Al llegar el sábado me vino a la cabeza la viuda Edelmira. Pensé que podía ganar algún dinero con la compra de la casa que le dejó su marido; también obtendría méritos frente a mis superiores en la empresa de bienes raíces. Eso razonaba al levantarme de la cama para desayunar; pero cuando estuve bajo la ducha desnudo y después, al afeitarme, llegué a la conclusión de que, en realidad, quería ver otra vez a la viuda y enterarme de lo que había en los escritos del hombre que la engañó. La curiosidad era mayor que el interés por mi trabajo y el dinero. Lo vi claro en el espejo al rasurarme.

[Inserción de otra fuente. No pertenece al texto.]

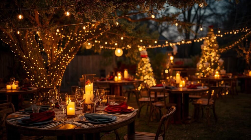 Consider wrapping trees or pergolas with warm white lights and using LED candles on tables for a soft glow. Solar-powered lights or battery-operated options work well for areas without electricity. This step ensures your Outdoor Christmas Party Setup is both practical and visually stunning.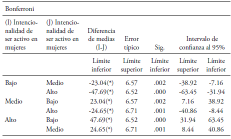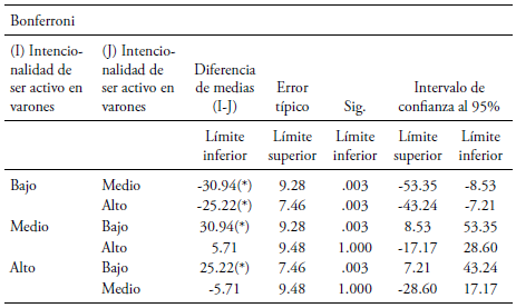 El análisis post hoc (Tabla 5) encontró relaciones entre los niveles bajo y medio (. = .002), bajo y alto (. < .001), y medio y alto (. = .001) de intencionalidad de ser físicamente activo.
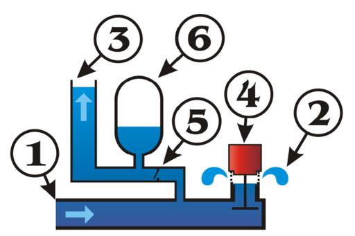 Eventually, drag from the water flow causes the waste valve to shut. When it does, this creates a pressure spike which opens the delivery valve and forces water up and out of to the delivery outlet. Hydraulic ram pumps can deliver water to great heights in this way, though flow is reduced with greater output head. Pressure vessels are sometimes installed in the pump to reduce the impact of pressure spikes and smooth the output flow. Eventually, the pressure spike subsides, the delivery valve closes, and the waste valve reopens due to gravity, and the cycle begins again. Credit: author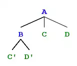 The node labelled A immediately dominates the nodes B, C, and D, and the node labelled B immediately dominates C' and D'. A also dominates C' and D', but not immediately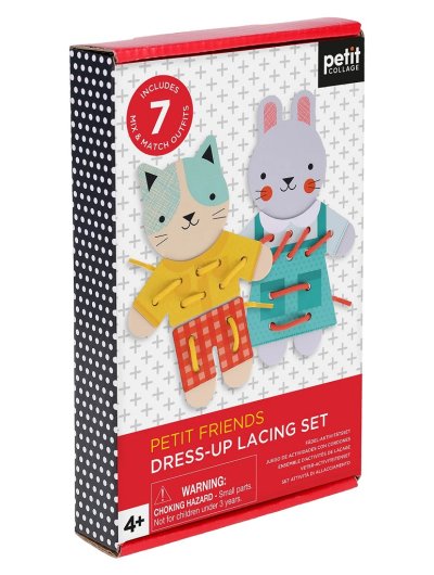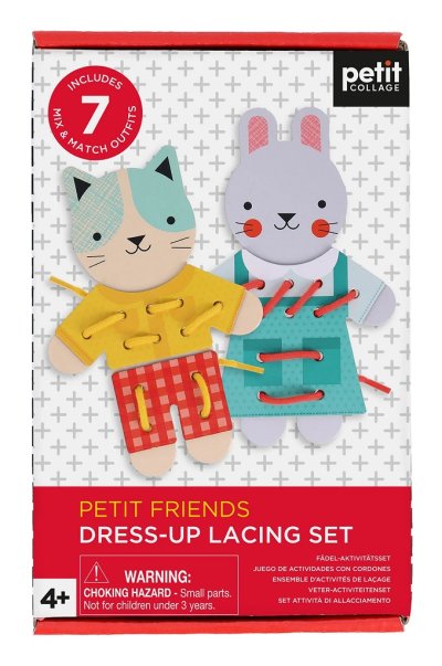 Roztomilá prevliekacia hra v ktorej sú 2 zvierací kamaráti obliekaní do odlišných kusov oblečenia. Hodiny zábavy pri kombinovaní deťom ponúkajú posun v ich predstavivosti. Práca s niťou naopak umožňuje aj tým najmladším získať počiatočné skúsenosti s rôznymi vzormi stehov. Sada sa skladá z kocúra, zajačika, 2 nití a 7 outfitov. Rozvíja ďalej obratnosť, koordináciu ruka/oko a pomáha sa pripraviť na zaväzovanie šnúrok . Hlavné vlastnosti: obsahuje 2 zvieratká, 2 nite a 7 rôznych outfitov rozvíja obratnosť a koordináciu ruka-okotrénuje kreativitu, trpezlivosť a jemnú motoriku Značka a certifikát FSC® (Forest Stewardship Council) zaručuje, že drevo, z ktorého bol produkt vyrobený, nebolo vyťažené nelegálne a pochádza z lesov obhospodarovaných šetrným či prírode blízkym spôsobom, v ktorom sú dodržiavané prísne environmentálne a sociálne požiadavky. Značka FSC® na výrobku znamená, že svojim nákupom pomáhate chrániť lesy a podporujete šetrné, zodpovedné či prírode blízke hospodárenie, vďaka ktorému sú naše lesy stabilnejšie, zdravšie, majú prirodzenú druhovú skladbu a lepšie odolávajú negatívnym následkom klimatických zmien.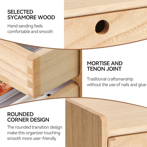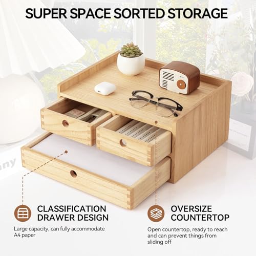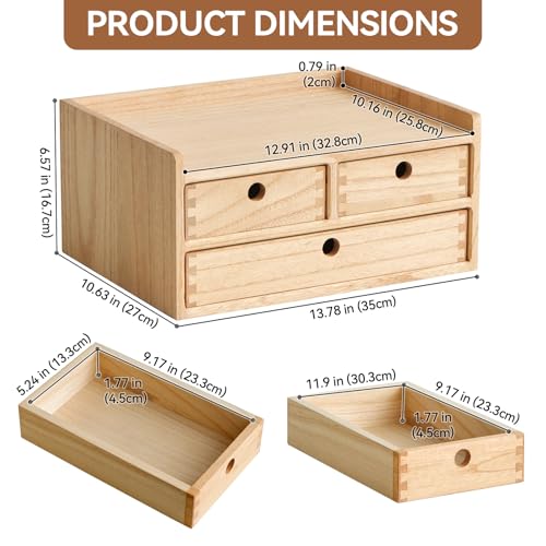 KIRIGEN - KIRIGEN Wood Desktop Organizer with 3 Drawers and 1 Shelves Home Workspace Office Supplies Wooden Storage Box Shelf Case Hold Makeup Box (2-layer & 3 drawers, Natural)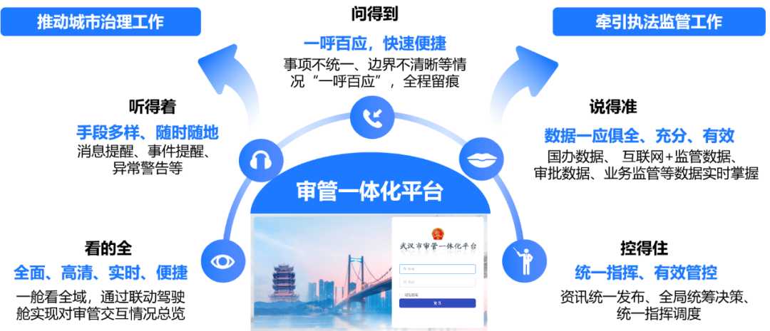 秉承“小切口、微應(yīng)用、首創(chuàng)性”的原則,烽火從簡化流程、搭建平臺、系統(tǒng)互聯(lián)、微應(yīng)用開發(fā)、機制建立五大方面,輔助武漢市實現(xiàn)審批與監(jiān)管的無縫銜接。同時,通過搭建審批與監(jiān)管一體化平臺,成功打通10個市直部門的監(jiān)管執(zhí)法系統(tǒng),實現(xiàn)信息的實時共享,讓審批流程更加集中和簡化,監(jiān)管更加精準和高效。

Fui derecho a la calle Colibrí y toqué el timbre de la casa de la viuda; oí de nuevo aquel ruido crujiente y metálico y esperé un rato antes de volver a pulsarlo. Nadie abrió la puerta. Parece que Edelmira no está en la casa, me dije. ¿Habrá ido al supermercado? ¿Quizás al salón de belleza? ¿Tendrá un amante y por eso no abre la puerta? Entonces caminé tres cuadras hasta una plaza de laureles enormes y bancos sin espaldar; los caminos eran todos de gravilla y la yerba mala florecía aquí y allá. En un banco verdoso varios hombres charlaban en medio de intermitentes risotadas.

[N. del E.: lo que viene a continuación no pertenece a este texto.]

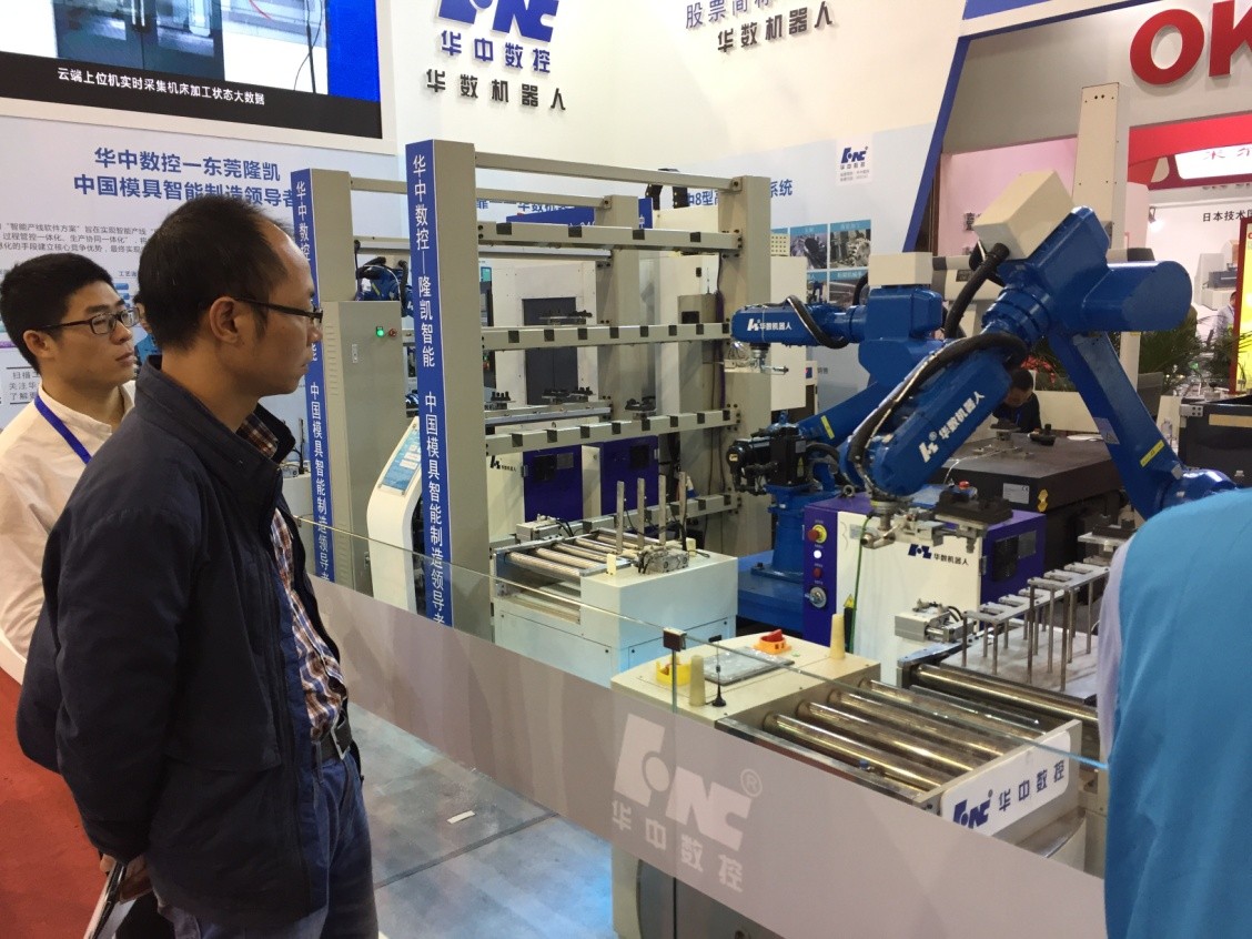 2016年11月29日 – 12月2日,第十八屆東莞國際模具及金屬加工展覽會(DMP2016)在廣東現(xiàn)代國際展覽中心(東莞市)隆重舉行。本次展會,華中數(shù)控旗下子公司深圳華數(shù)機(jī)器人有限公司與廣東隆凱股份有限公司能強(qiáng)強(qiáng)聯(lián)手,發(fā)揮技術(shù)優(yōu)勢,立足行業(yè)需要,隆重展出了模具制造智能工廠,用中國裝備助力中國制造2025,用實(shí)際行動竭力配合“世界工廠”產(chǎn)業(yè)轉(zhuǎn)型升級,吸引了眾多觀眾觀看討論,受到了行業(yè)和客戶的廣泛關(guān)注。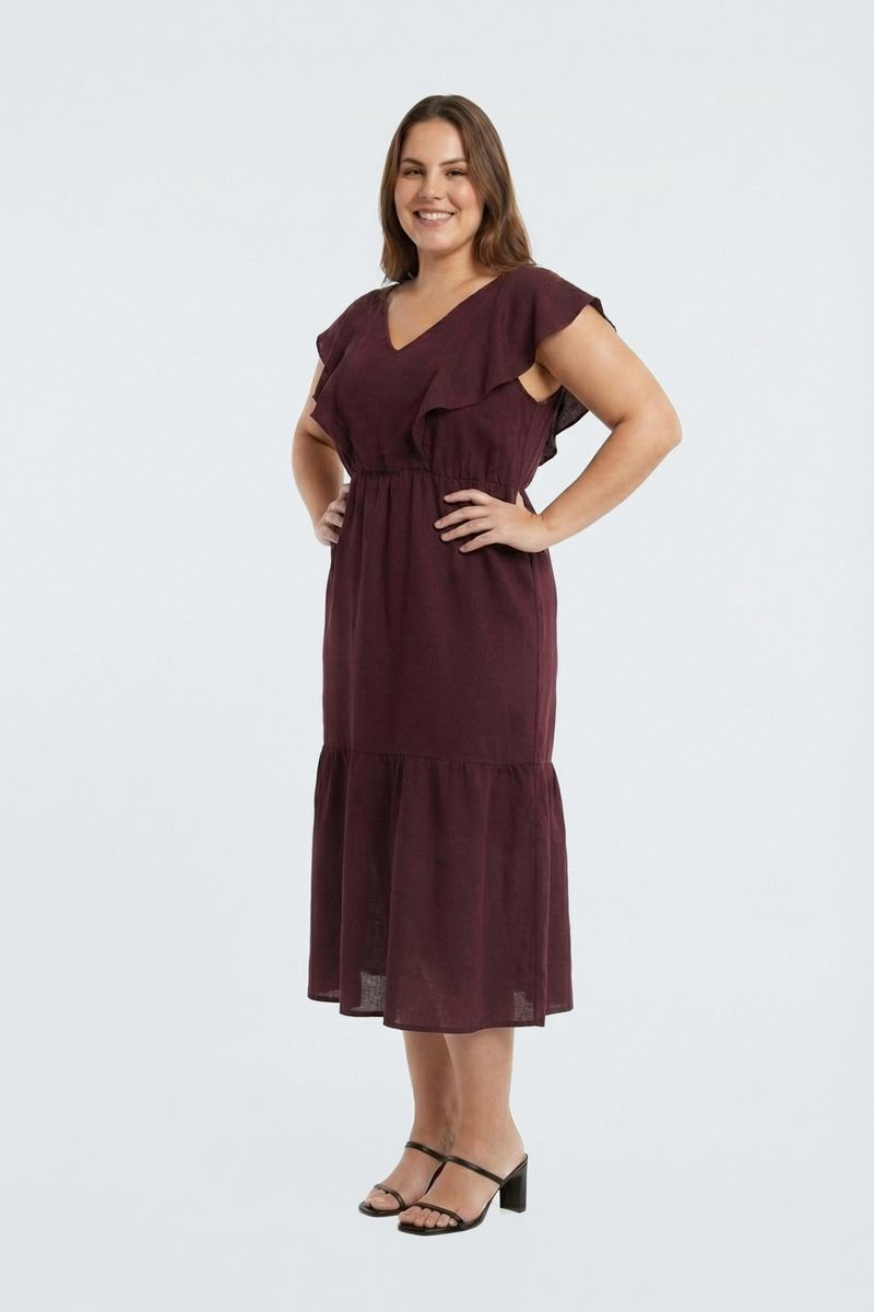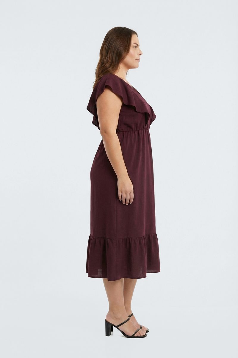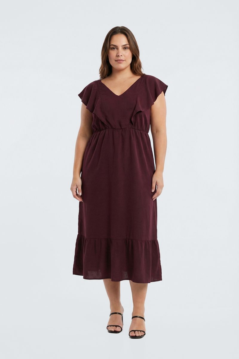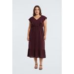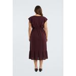 Sinta-se deslumbrante com o Vestido Feminino Vinho Caedu. Com decote V e babados charmosos, este vestido define sua silhueta com elegância e conforto. Perfeito para quem busca moda e estilo em uma única roupa, realçando sua beleza natural.

Uno de ellos, con gorra de cuadros, se levantó y vino hacia mi directamente. ¿Usted estaba hace un momento frente a la casa de la viuda Edelmira? Sí, así es; soy de la oficina de negocios inmobiliarios; ella anunció la venta de su casa en el periódico; ya había venido al comienzo de la semana. Ella debe estar en lo de los curas claretianos; siempre hace donaciones de ropa, enseres de cocina, dinero. Es una mujer decente que se conduele de los necesitados.

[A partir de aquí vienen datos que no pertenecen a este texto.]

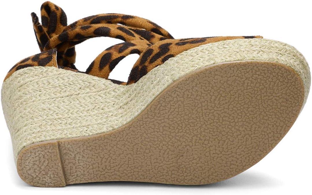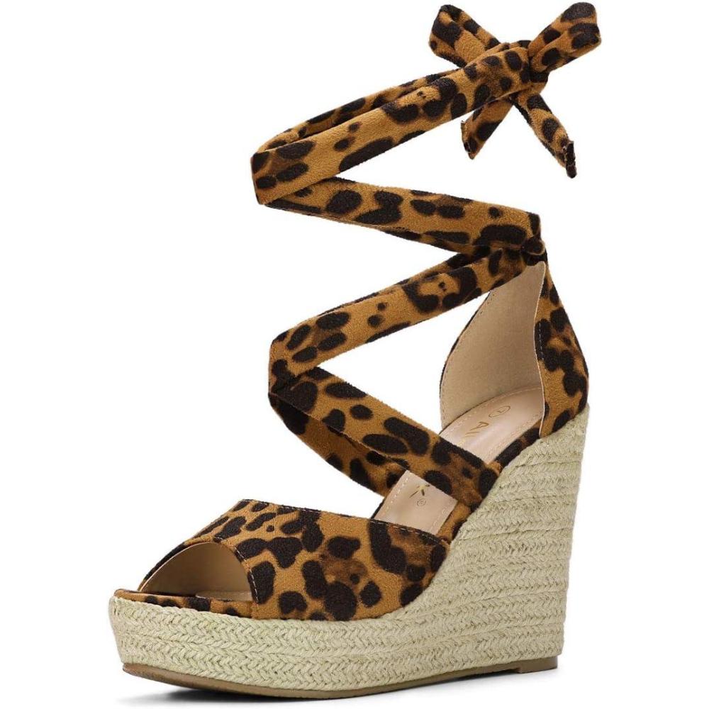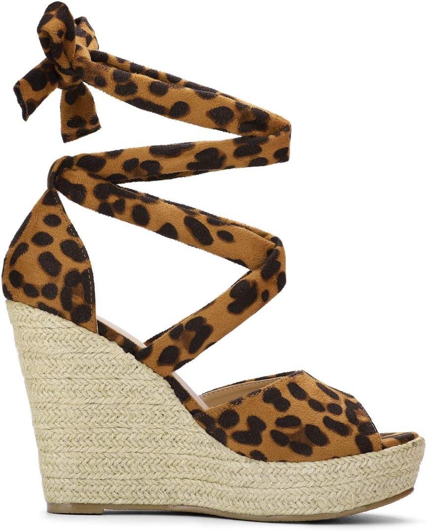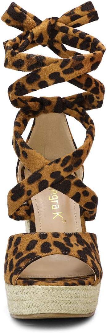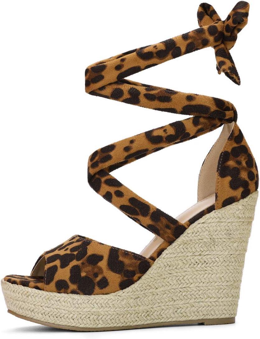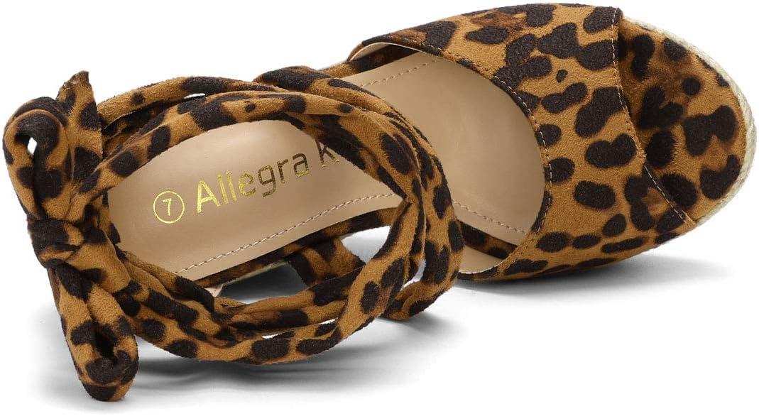 Allegra K Women’s Lace Up Espadrilles Platform Platform Wedges Sandals(Leopard)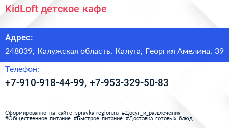 KidLoft, детское кафе по адресу 248039, Калужская область, Калуга, Георгия Амелина, 39 в дальнейшем Организация, размещена в следующих категориях: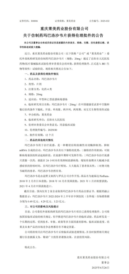 近日,萊美藥業(yè)委托外部機(jī)構(gòu)研發(fā)的仿制藥瑪巴洛沙韋片(注冊分類:化藥4類;規(guī)格:20mg)通過了岳陽市人民醫(yī)院藥物/醫(yī)療器械臨床試驗(yàn)倫理審查委員會的審批,獲得倫理批件,正式進(jìn)入 BE(生物等效性)試驗(yàn)階段。

Fui muy amigo de su marido; él murió el año pasado de un problema de corazón. Pertenecíamos al mismo club de soft-ball. Era un tipo inteligente que hablaba cosas raras; decía que la vida no termina con la muerte. A veces creo que me acompaña y facilita cosas de trabajo; después de todo, eso mismo predican los padres claretianos. Arnulfo quería escribir sus memorias.